O cenário é claro: essa revolução digital vai gerar um crescimento exponencial de demanda – e como gerar toda essa energia pode ser o grande gargalo. O setor de nuvem, que antes ficava no rodapé da conta global, virou protagonista da demanda energética. Em resposta, governos estão adaptando marcos regulatórios, incentivando soluções de mercado e garantindo energia firme para atrair investimentos.
Não há soberania digital sem soberania energética. Nesse sentido, o Brasil, mesmo com vantagens naturais, continua olhando pelo retrovisor. Perdemos tempo em disputas regulatórias, incentivos contraditórios e promessas de subsídio. Nos últimos meses, duas Medidas Provisórias tentaram organizar o setor. São sinais de avanço, mas também de improviso.
A MP 1.307/2025 exige que empresas em Zonas de Processamento de Exportação (ZPEs) usem energia 100% renovável para obter benefícios fiscais. É uma boa ideia no papel, mas restrita – e pioneira. Não existe no mundo nenhum data center 100% renovável. A outra é a MP 1.318/2025, conhecida como ReData. Essa norma cria um regime especial de tributação para data centers, zera impostos sobre servidores e equipamentos, exige energia limpa e impõe contrapartidas: 2% dos investimentos em P&D no Brasil e 10% da capacidade reservada ao uso nacional.

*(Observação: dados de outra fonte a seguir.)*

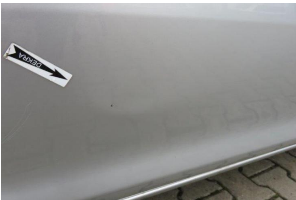
Fot. 51. drzwi PR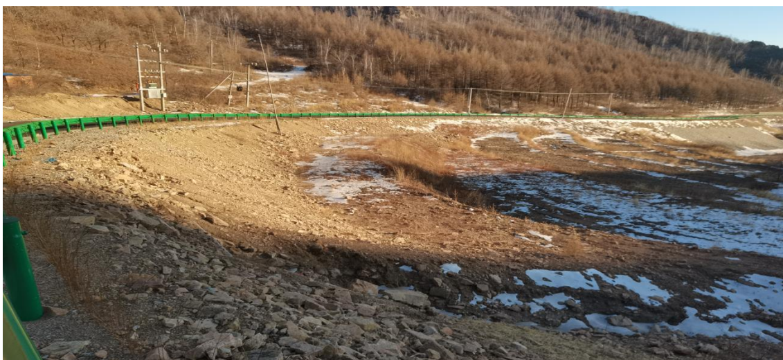
照片 2-12 PD2 工业场地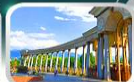
1st President Park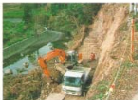
▲着々と進む緊急復旧工事

農地200か所以上 4億2千万円、 農業施設で約200か所超 8億6千万円、 農産物 4億5千万円、 合計 17億3千万円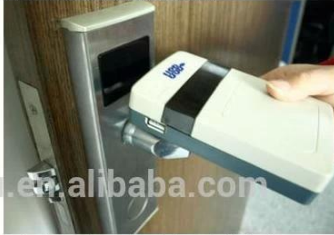
collect opening records from hotel lock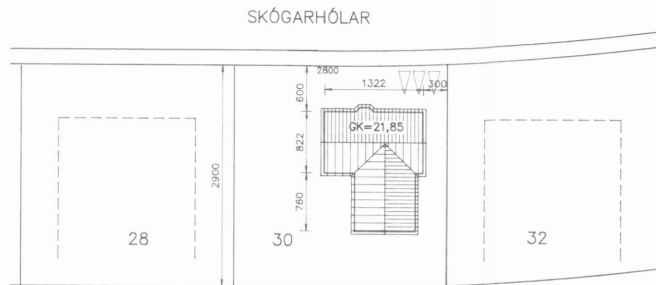
Afstöðumynd mkv. 1:500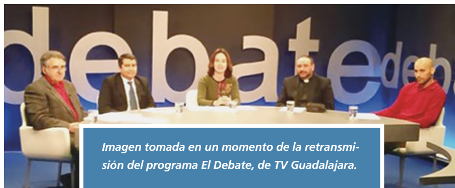
Imagen tomada en un momento de la retransmisión del programa El Debate, de TV Guadalajara.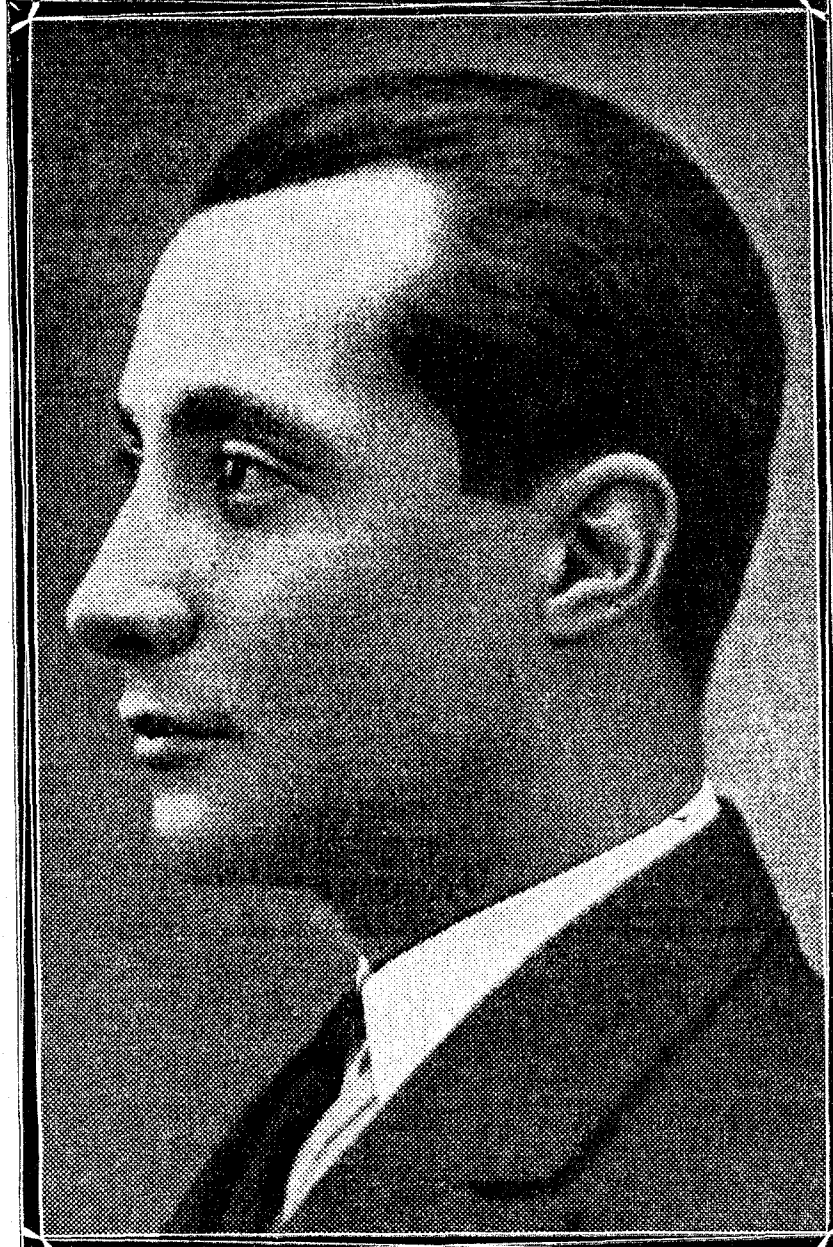
Don José Antonio Primo de Rivera, abogado defensor de don Galo Ponte en el proceso de Responsabilidades, que ha hecho un informe brillantísimo, en el fondo del cual se destacaba el recuerdo emocionado y el enaltecimiento de la memoria del ilustre marqués de Estella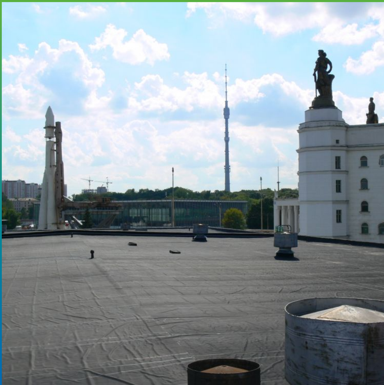
Вид на гидроизолированную кровлю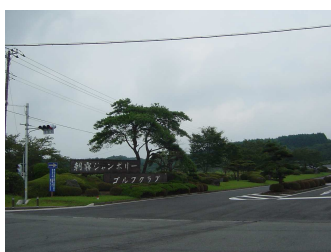
朝霧ジャンボリーGOまで2.5km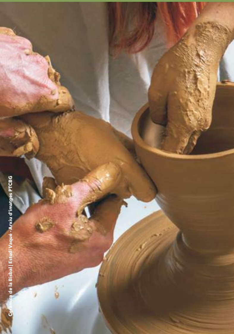
Ceràmica de la Bisbal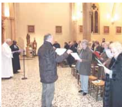
La paroisse catholique accueille les frères et sœurs protestants à l'occasion de la semaine de prière pour l'unité des chrétiens.

Na teoria, é um pacote moderno. Na prática, falta clareza jurídica e pragmatismo. O conceito de “exportação de serviço digital” ainda é nebuloso. E o excesso de exigências e custos pode afastar quem deveria ser atraído. Como resumiu um executivo do setor: “Estamos oferecendo energia verde, mas com burocracia cinza.”
As medidas trazem soluções do passado para resolver problemas do futuro. O país continua preso à lógica do incentivo temporário, da exceção tributária e da reserva de mercado – caminhos já tentados e que acabaram com o mesmo resultado: afastando o investimento, o investidor e nos deixando amarrados ao atraso.
Enquanto isso, o mundo avança. O relatório World Energy Investment 2025 mostra que mais da metade dos investimentos globais já vai para eletricidade e digitalização. A chamada “Era da Eletricidade” começou. E quem entender que computação e energia são partes do mesmo sistema vai liderar o próximo ciclo econômico.
Parece que o Brasil ainda não entendeu. Exportamos o slogan do país da energia renovável, mas importamos infraestrutura digital. Temos energia limpa, mas não temos energia disponível e firme onde os data centers precisam estar. Data centers não são galpões de tecnologia; são infraestruturas críticas, como portos e refinarias. O Brasil precisa enfrentar a realidade com pragmatismo e sem ideologia.
Enquanto o mundo constrói a nova matriz energética digital, seguimos criando barreiras aos investimentos e sem avançar. O risco é claro: a nuvem vai passar.